Make sure that leadership clearly communicates how workflows are changing, and that business unit leaders meet regularly to share progress and future plans, Highlighting AI’s role as a collaborative tool transforms it from a source of possible resistance into an opportunity for growth.
What to decide later
- Re-evaluate the operating model in light of AI-driven improvements in data management, paying attention to new points of intersection between legacy business functions, and between those functions and the AI control tower.
- Invest in function-specific GenAI training, as well as organization-wide upskilling and reskilling. Develop a talent development plan in sync with your technology roadmap and business function transformation. Consider creating an internal talent marketplace to enable employees to shift to new, emerging roles and build multi-function AI competencies.
- Introduce continuous monitoring mechanisms and develop key performance indicators (KPIs) to demonstrate GenAI initiatives’ long-term value.

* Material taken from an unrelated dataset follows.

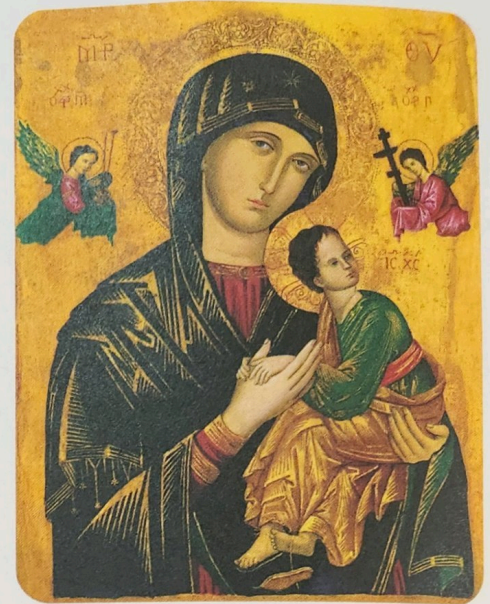
The Redemptorists / DearPadre.org

To see the original icon in real time and learn more about icons, please visit omphicon.org . ●

3. Put GenAI at the center of your ecosystem strategy
TMT companies, from technology giants and hyperscalers to network equipment vendors and telcos, are established ecosystem orchestrators. That experience could put them at an advantage, but it also means they need to consider how to adapt existing ecosystem structures. Begin by assessing capability gaps, ensuring that the ecosystem strategy caters to evolving AI opportunities, and look for new ways to tap into cutting-edge research and knowledge.
Where to act now
Prioritize AI discussions with the existing partner ecosystem, highlighting areas of mutual interest and potential cooperation in GenAI. Continual monitoring of the AI partner landscape for new opportunities is critical. Identify new partners – whether start-ups, immediate industry peers or academic institutions – that can enhance your GenAI initiatives. Meanwhile, technology companies can partner with companies in different industries to create customized, domain-specific large language models (LLMs) and proprietary knowledge graphs. These can be integrated with public models or offered as a service.
Assess your GenAI readiness across different layers, such as infrastructure (compute facilities, cloud, data), model, or applications development, identifying the role partnerships can play. Plug into existing pre-trained models and data ecosystems to explore use cases. All throughout, TMT companies should ensure that secure data sharing and integration protocols are adopted by ecosystem partners.
What to decide later
- Scale the AI competencies within your ecosystem through select partners and deprioritize less relevant partnerships.
- Develop closer relationships with start-ups for co-innovation and consider acquisitions and joint ventures that can extend skills and expertise.
- Conduct regular reviews of your ecosystem strategy to ensure it’s fully aligned with your evolving AI objectives. And pay close attention to policy or regulatory factors that may influence partner choices and suitability.